Appendix 1: Programming code

The corresponding computer code is available at GitHub https://github.com/nbakas/ITSO.jl. The examples of Figure 3 may be reproduced by running __run.jl. The short version of the Algorithm 1 is available in Julia (Bezanson et al. 2017) Language, and particularly in the file ITSO-short.jl, along with Octave (Contributors 2020), in the file ITSOshort.m, and Python (Contributors 2020), in the file ITSO-short.py. The implementation of the framework is integrated in a few lines of computer code, which can be easily adapted for case specific applications with high efficiency.

Appendix 2: Black-Box functions

The following functions were used for the numerical experiments. Equations 20, 21 (Elliptic, Cigar), were utilized from Liang et al. 2013, Cigtab (Eq. 22), Griewank (Eq. 23) from Au and Leung 2012, Quartic (Eq. 24) from Jamil and Yang 2013, Schwefel (Eq. 25), Rastrigin (Eq. 26), Sphere (Eq. 27), and Ellipsoid (Eq. 28) from Finck et al. 2010; Feldt 2013-2018, and Alpine (Eq. 29) from Hussain et al. 2017. Equations 30, 31, 32, were developed by the authors. The code implementation for the selected equations appears in file functions_opti.jl in the supplementary computer code.

The exact variation used in this work is as follows. We have adopted the notation presented in the Nomenclature section, where i denotes the optimization history step, and j the dimension of the design variable \(x_{ij}\).

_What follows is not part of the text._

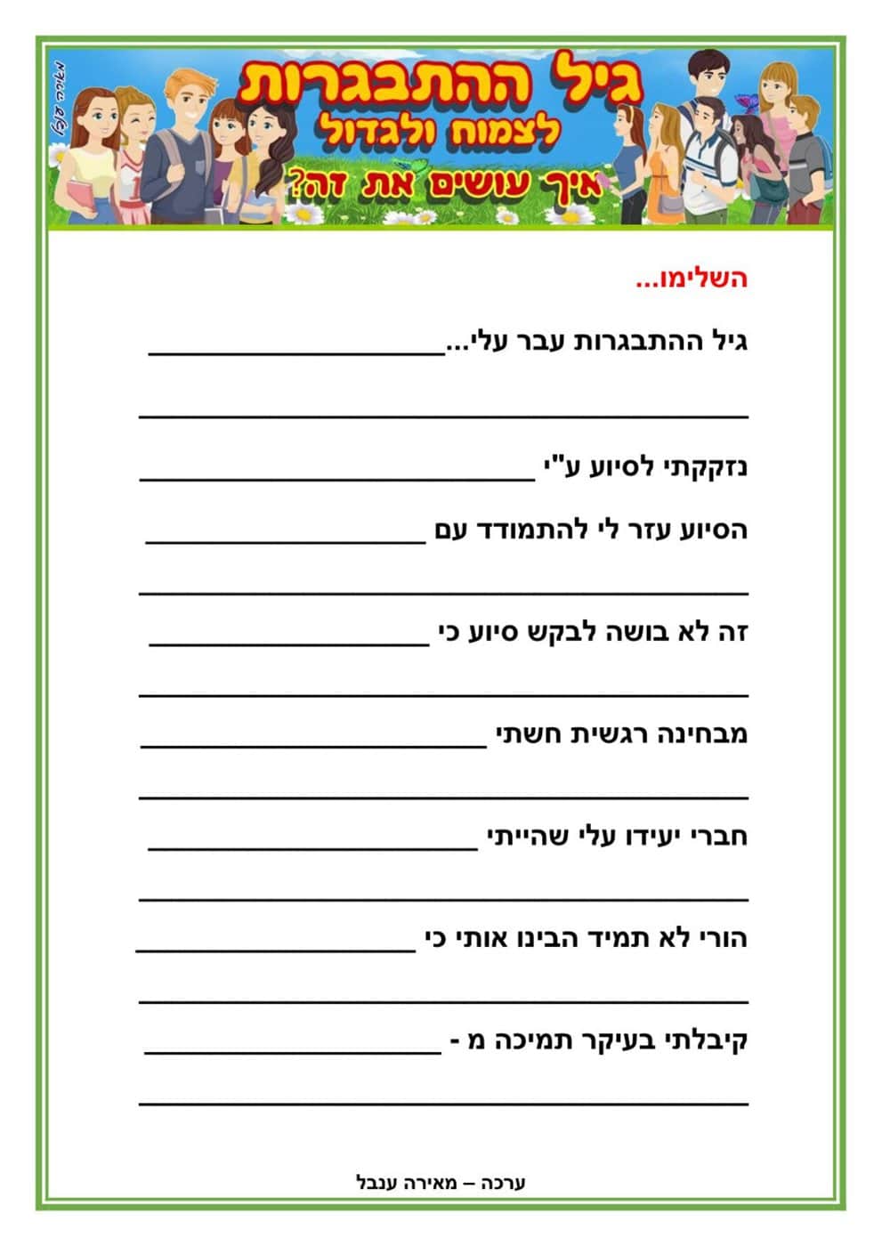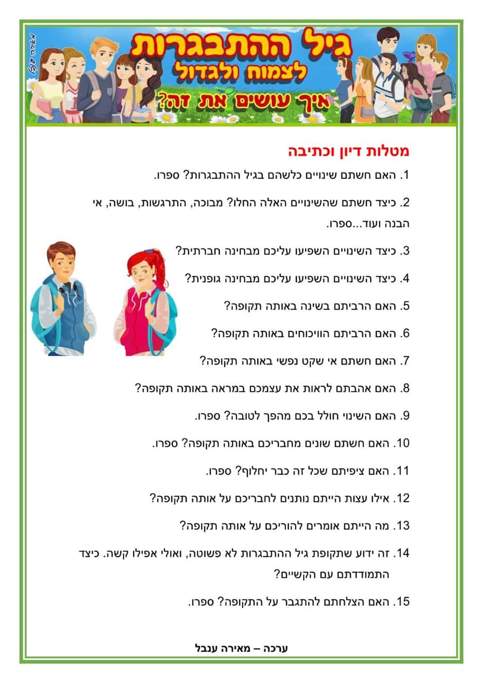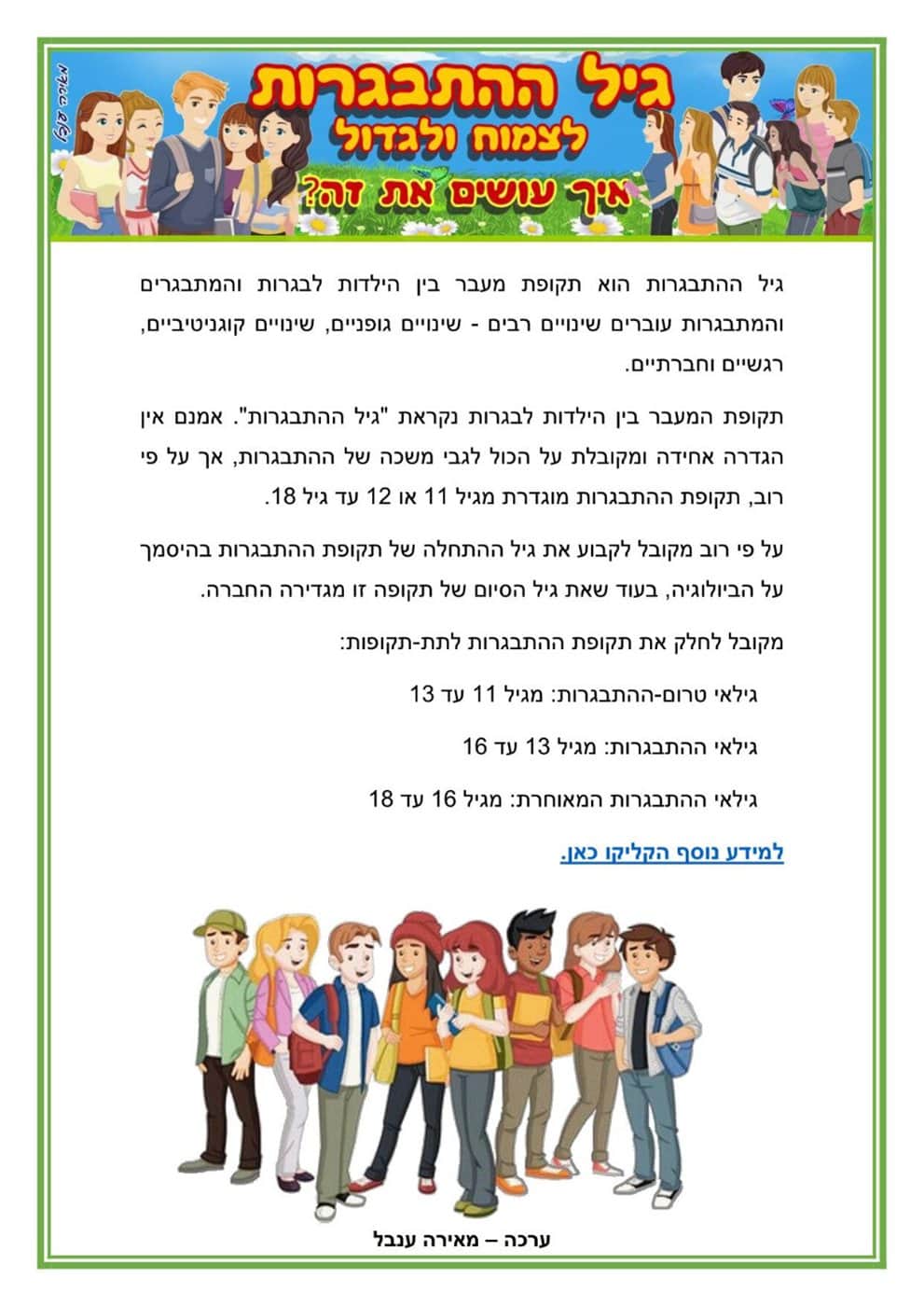 שינויים גופניים: כל אחד וכל אחת גדלים ומתפתחים בזמן שלהם ובקצב שלהם. שינויים קוגניטיביים: · מעבר מחשיבה קונקרטית לחשיבה מופשטת. · היכולת לחשוב על אפשרויות שונות. · חשיבה המבוססת על השערות. · חשיבה מראש. · היכולת לחשוב על המחשבות שלו/ה. · חשיבה מעבר לגבולות הזמן. · נטייה לקראת מודעות עצמית והכוונה עצמית. שינויים רגשיים: · גיבוש הזהות האישית – להבין מי אני ומה אני אוהב/ת, מה מעניין אותי, מה הדעות והמחשבות שלי. · רכישת עצמאות. · שינויים במצבי רוח. שינויים חברתיים: · הקשרים החברתיים הופכים להיות משמעותיים בחיי המתבגרים והם מקדישים זמן רב יותר לחברים. · בניית קשר משמעותי עם חבר / חברה. · קבוצת הגיל כגורם משמעותי בחיי המתבגר/ת המשפיע באופן משמעותי על רגשותיו והדימוי העצמי שלו. · חשוב לשמור על האני הפנימי שלנו ולזכור ש"לחץ חברתי לא מנצח אותי". שינויים חברתיים המתבגר מחפש זהות משלו: אנשים צעירים מנסים כל הזמן להבין מי הם ומה מקומם בעולם. החיפוש יכול להיות מושפע ממגדר, מקבוצת החברים, מרקע תרבותי ומציפיות משפחתיות, וכולל בתוכו זהות מינית, דתית, ערכית, פוליטית ועוד. המתבגר מבקש עצמאות רבה יותר: נטייה זו עשויה להיעשות בצורה ישירה או עקיפה, ועשויה להשפיע על ההחלטות שילדכם מקבל, ועל מערכות היחסים שלו עם משפחה וחברים המתבגר מבקש אחריות רבה יותר, בבית ובבית הספר מחפש חוויות חדשות: אופייה של התפתחות המוח אצל בני נוער מובילה לכך שהם מחפשים חוויות חדשות וריגושים, ולכן עלולים להתנהג בצורה מסוכנת יותר. עם זאת, הם עדיין מפתחים את יכולת השליטה בדחפים המתבגר חושב יותר על “נכון” ו”לא נכון”: התבגר מתחיל לפתח מערכת עצמאית חזקה יותר של ערכים ומוסר. בני נוער מגלים שהם אחראים לפעולות שלהם, להחלטותיהם ולתוצאות מעשיהם. הם מטילים ספק בדברים רבים יותר. המילים והמעשים שלכם מעצבים את האופן שבו ילדכם תופס את מה שנכון ולא נכון המתבגר מושפע יותר מחברים, בעיקר בכל הנוגע להתנהגות, לתחושת העצמי ולהערכה העצמית , המתבגר מתקשר בדרכים שונות: באמצעות האינטרנט, הטלפונים הסלולריים והרשתות החברתיות משפיעים מאוד על האופן שבו ילדכם מתקשר עם חבריו ולומד על העולם. שינויים רגשיים רבים חושבים שגיל הנעורים חייב להיות תקופה קשה, ושכל בני הנוער חווים מצבי רוח רעים ומתנהגים בדרכים מאתגרות. למעשה, רק חלק מבני הנוער עוברים סערה רגשית חריפה בגיל זה, מתחילים למרוד בהוריהם או נכנסים איתם לעימותים חמורים. שינויים חברתיים ורגשיים הם חלק חשוב במסעו של ילדכם לקראת הבגרות. תפקידכם בתהליך חשוב מאוד: לעזור לילדכם לפתח מיומנויות חברתיות ורגשיות של מבוגר. מסרים למתבגרים/מבגרות: · במקומות שאתם לא מרגישים בנוח - אל תהיו שם. · לעולם אל תעשו משהו שייתכן ותתחרטו עליו אחר כך. · אם קורה משהו - אנחנו פה בשבילך. צוות בית הספר נמצא פה עבורכם לכל שאלה או התייעצות. · חשוב לומר לא למה שלא עושה לכם טוב. · לומר "לא" זה למעשה לומר "כן" למה שנכון להם ולמי שהם. שינויים במערכת יחסים עם ההורים: מתחיל תהליך ההפרדות של המתבגר/ת מההורים , וזה לעיתים בא לידי ביטוי במרידה ועימותים עם ההורים על רקע המאבק של המתבגר/ת לעצמאות. הקליקו על התמונה או על הקישור להיכנס לקובץ https://drive.google.com/file/d/1RM2jcZht4fxEIs2cVYM-iWTvaJgy9ijo/view?usp=sharing

$$\begin{aligned}&\begin{aligned} f_{elliptic}(\mathbf {x}_i)=\sum _{j=1}^n{c_j ( x_{ij} +\frac{3}{2})^2}, \text {where} \\ {\mathbf {c}}=10^3 \{0,\frac{1}{n-1},\dots ,1\}. \end{aligned}\end{aligned}$$
(20)
$$\begin{aligned}&f_{cigar}(\mathbf {x}_i)=x_1^2+\sum _{j=2}^n{| x_{ij} |}.\end{aligned}$$
(21)
$$\begin{aligned}&f_{cigtab}(\mathbf {x}_i)=x_1^2+\sum _{j=2}^{n-1}{| x_{ij} |}+x_n^2. \end{aligned}$$
(22)
$$\begin{aligned}&f_{griewank}(\mathbf {x}_i)=1+{\frac{1}{4000}}\sum _{{j=1}}^{n}x_{ij}^{2}-\prod _{{j=1}}^{n}\cos \left( {\frac{x_{ij}}{{\sqrt{j}}}}\right) . \end{aligned}$$
(23)
$$\begin{aligned}&f_{quartic}(\mathbf {x}_i)=\sum _{j=1}^n{j (x_{ij}-2)^4}.\end{aligned}$$
(24)
$$\begin{aligned}&\begin{aligned} f_{schwefel}(\mathbf {x}_i)=\sum _{j=1}^n{ c_j^2}, \text {where} \\ {c_j}=\sum _{k=1}^j{(x_{ik}-9)}. \end{aligned}\end{aligned}$$
(25)
$$\begin{aligned}&\begin{aligned} f_{rastrigin}(\mathbf {x}_i)=10 n + \sum _{j=1}^n{(x_{ij}+\frac{7}{10})^2}\\ -10 \sum _{j=1}^n{\cos (2 \pi (x_{ij}+\frac{7}{10})^2 )}. \end{aligned}\end{aligned}$$
(26)
$$\begin{aligned} f_{sphere}(\mathbf {x}_i)=\sum _{j=1}^n{(x_{ij}-\frac{13}{10})^2}.\end{aligned}$$
(27)
$$\begin{aligned}&\begin{aligned} f_{ellipsoid}(\mathbf {x}_i)=\sum _{j=1}^n{(x_{ij}-\sqrt{2})^2}. \end{aligned}\end{aligned}$$
(28)
$$\begin{aligned}&f_{alpine}(\mathbf {x}_i)=\sum _{j=1}^n{|x_{ij} \sin {x_{ij}} + \frac{1}{10} x_{ij}|}.\end{aligned}$$
(29)
$$\begin{aligned}&f_{x\_j}(\mathbf {x}_i)=\sum _{j=1}^n{(x_{ij}-j-\frac{21}{10})^2}.\end{aligned}$$
(30)
$$\begin{aligned}&f_{x\_5}(\mathbf {x}_i)=\sum _{j=1}^n{(x_{ij}-5)^2} - 5.\end{aligned}$$
(31)
$$\begin{aligned}&f_{sin\_x}(\mathbf {x}_i)=\sum _{j=1}^n{( \sin (x_{ij}+\frac{7}{10}) + \frac{(x_{ij}+\frac{7}{10})^2}{100}} ). \end{aligned}$$
(32)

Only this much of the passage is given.